Comparing Infinite Series

Question

I want to prove that if $0 \le |x| < a$ then: $$ \sum\limits_{n=1}^{\infty} \frac{|x|^{n-1}}{n!} < \sum\limits_{n=1}^{\infty} \frac{a^{n-1}}{n!} $$

I initially attempted to use induction to prove that $\forall n > 1, \frac{|x|^{n-1}}{n!} < \frac{a^{n-1}}{n!}$, but then learned that it is not the appropriate way of proving this.

Am I even correct to assume that the above statement can be proven by showing that $\frac{|x|^{n-1}}{n!} < \frac{a^{n-1}}{n!}$ holds $\forall n > 1$? What is the proper way of approaching this?

Does it suffice to show that $\lim\limits_{n \to \infty} \frac{|x|^{n-1}}{a^{n-1}} < 1$?

Thanks in advance.

Answer 1

Remember that $<$ and $>$ become $≤$ and $≥$ (respectively) when passing to limits, that is the strictness of the inequality is lost.
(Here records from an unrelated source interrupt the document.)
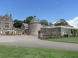 To the east (right) of the entrance is the great hall, which has two tall six-lighted windows with single transoms. The roof-space was subsequently ceiled to form a 65-foot long gallery above, said by Pevsner to be the best example from the 16th century in Devon. On its plaster ceiling survive the initials of the builder Sir Roger Bluett (died 1566), which makes it the earliest datable plaster ceiling in Devon.[4] The north and west ranges were added or rebuilt in the Victorian age, c. 1859–68 by Rev. W. Rayer to the design of John Hayward. A prominent feature of the south aspect of the house is the large circular dovecote on the east (right) side, further east of which is the stable court yard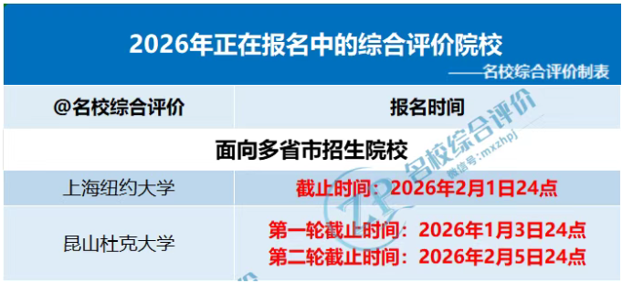 2026年将有90+所院校进行综合评价招生。目前,上海纽约大学和昆山杜克大学2026年综合评价招生简章已发布,最早将于2月初截止报名,准备报考这两所高校的考生家长抓紧时间报名了!
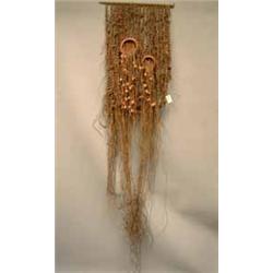 VÄGGSKULPTUR, MARGARETA ENANDER, "RÖTTER" TJÄRAD HAMPA OCH KERAMIKSKÅLAR, H260, B80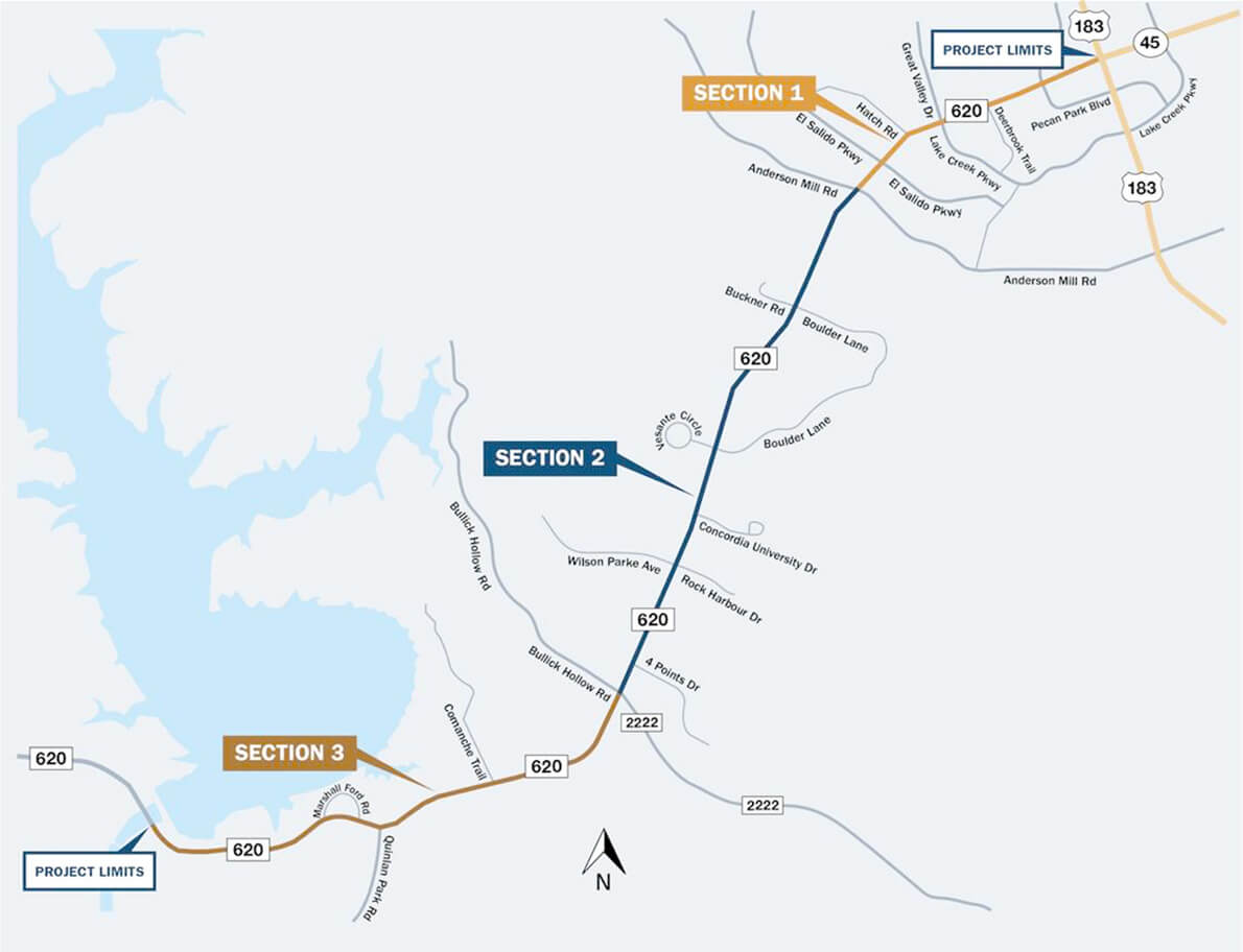 Last week the Texas Department of Transportation shared “Corridor Refinement Study” information at local meetings. There are three sections along RM 620 North, from Mansfield Dam to to US 183, that are targeted for mobility improvements.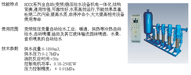 TAG標(biāo)簽: HXX系列全自動(dòng)(變頻)穩(wěn)壓給水設(shè)備 HXX系列全自動(dòng)(變頻)穩(wěn)壓給水設(shè)備更多信息 產(chǎn)品相關(guān)關(guān)鍵字: 機(jī)動(dòng) 同類產(chǎn)品 SBLW-X全自動(dòng)箱式無負(fù)壓 SBLW全自動(dòng)無負(fù)壓穩(wěn)流給水設(shè)備 SBLW-X全自動(dòng)箱式無負(fù)... SBLW全自動(dòng)無負(fù)壓穩(wěn)流給 SBLW全自動(dòng)無負(fù)壓穩(wěn)流給水設(shè)備 SBLW全自動(dòng)無負(fù)壓穩(wěn)流... SYWG-SJ內(nèi)置水泵管網(wǎng)疊壓 SYWG-SJ內(nèi)置水泵管網(wǎng)疊壓供水設(shè)備 SYWG-SJ內(nèi)置水泵管...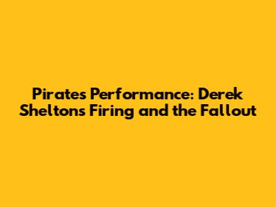 Pirates' Performance: Derek Shelton's Firing And The Fallout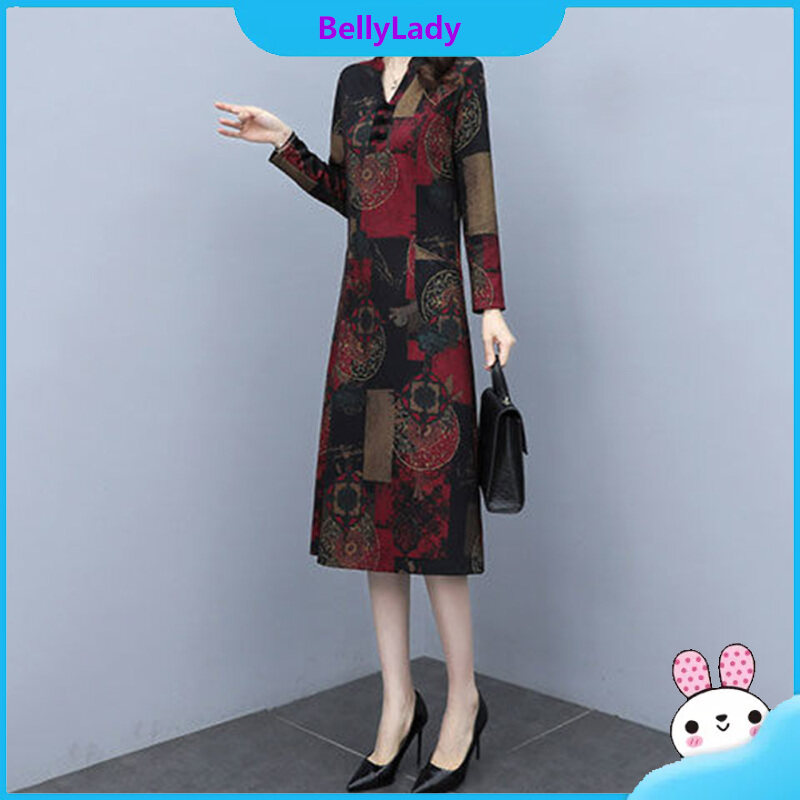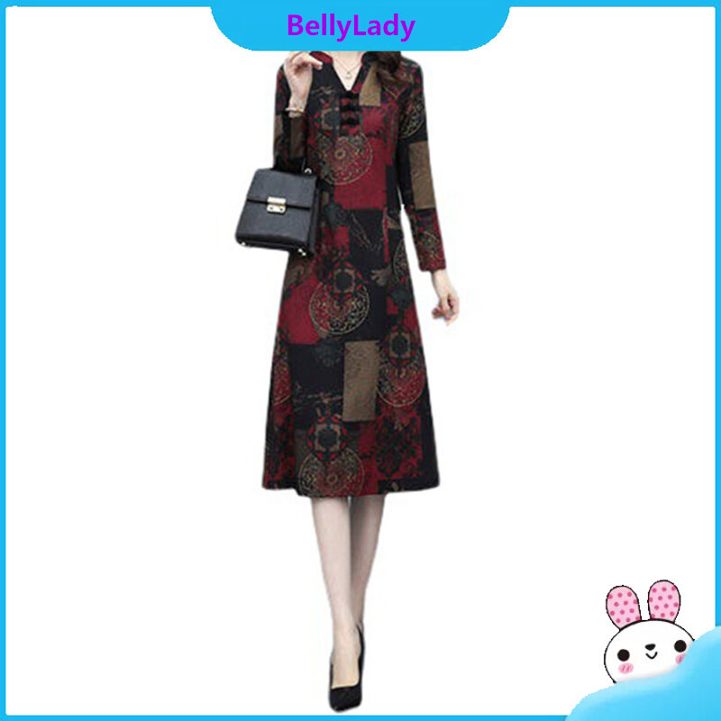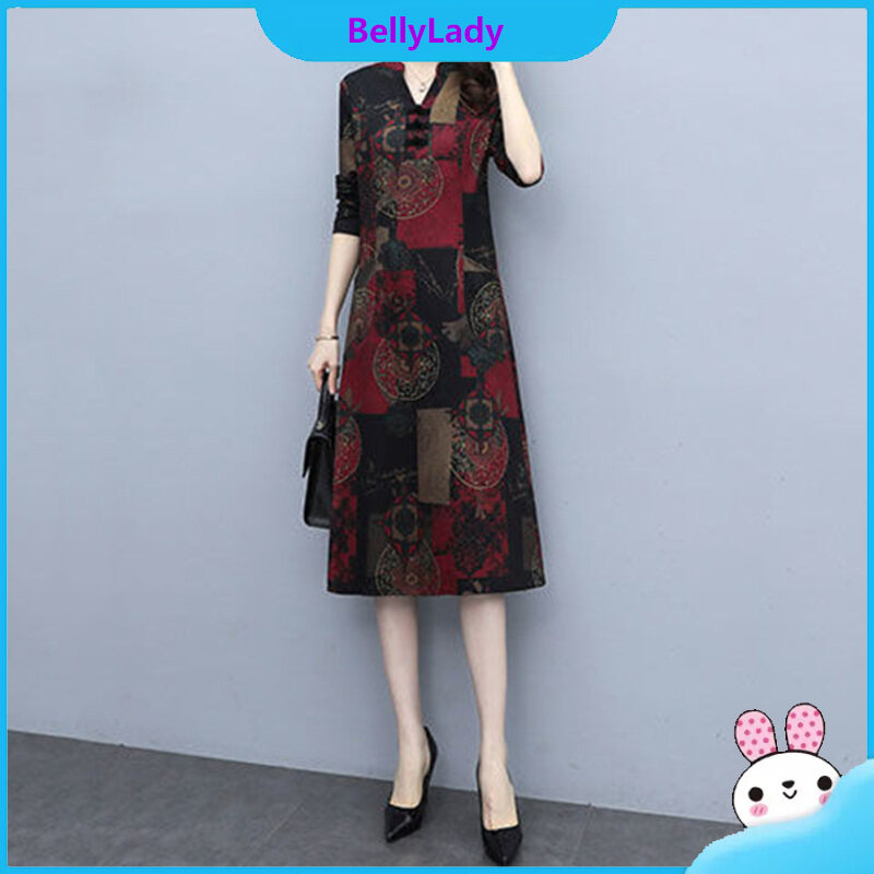 Women V Neck Dress Stylish Retro Printing Long Sleeves Large Size Loose Casual Dress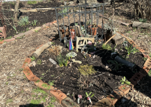 Joseph showed me how he’s refurbishing one special place in his forest garden (front of 2601 DeKist St.) (from both north and south).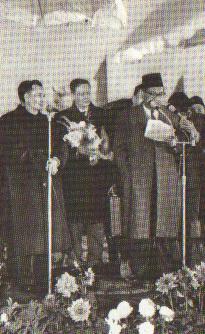 中国—印都尼西亚民航线于1965年1月6日正式通航。广州各界人民在广州国际机场隆重举行开航仪式。图为邝任农(左)在开航仪式上。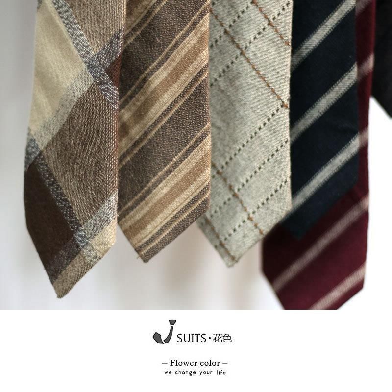 | nameOriginal | brown Linen Cotton Yellow Dark Red Black Matte Retro Casual British Japanese Style 7cm Niche Tie |

For example consider $1/n<1/2n$ for all $n$ yet they both tend to $0$. If you want to prove that your series are $≤$ then it is enough to know that $0≤|x|<a$.

Hint: If you wanted to see that the inequality is strict you could note that your series are very close to the Taylor expansion for $e^x$, and that the exponential function is strictly increasing (and hence injective).

Answer 2

first, it's easy to show that $\forall n>1, |x|^{n-1} < a^{n-1}$

You then have for all N,

$$\sum_{n=3}^N \frac{|x|^{n-1}}{n!} \leq \sum_{n=3}^N \frac{a^{n-1}}{n!}$$

Taking this to the limit, you get

$$\sum_{n=3}^{\infty} \frac{|x|^{n-1}}{n!} \leq \sum_{n=3}^{\infty} \frac{a^{n-1}}{n!}$$

Then, as $1+ \frac{|x|}{2} > 1+ \frac{a}{2}$, you get

$$1+ \frac{|x|}{2} + \sum_{n=3}^{\infty} \frac{|x|^{n-1}}{n!} < 1 + \frac{a}{2} + \sum_{n=3}^{\infty} \frac{a^{n-1}}{n!}$$

i.e.

$$\sum_{n=1}^{\infty} \frac{|x|^{n-1}}{n!} < \sum_{n=1}^{\infty} \frac{a^{n-1}}{n!}$$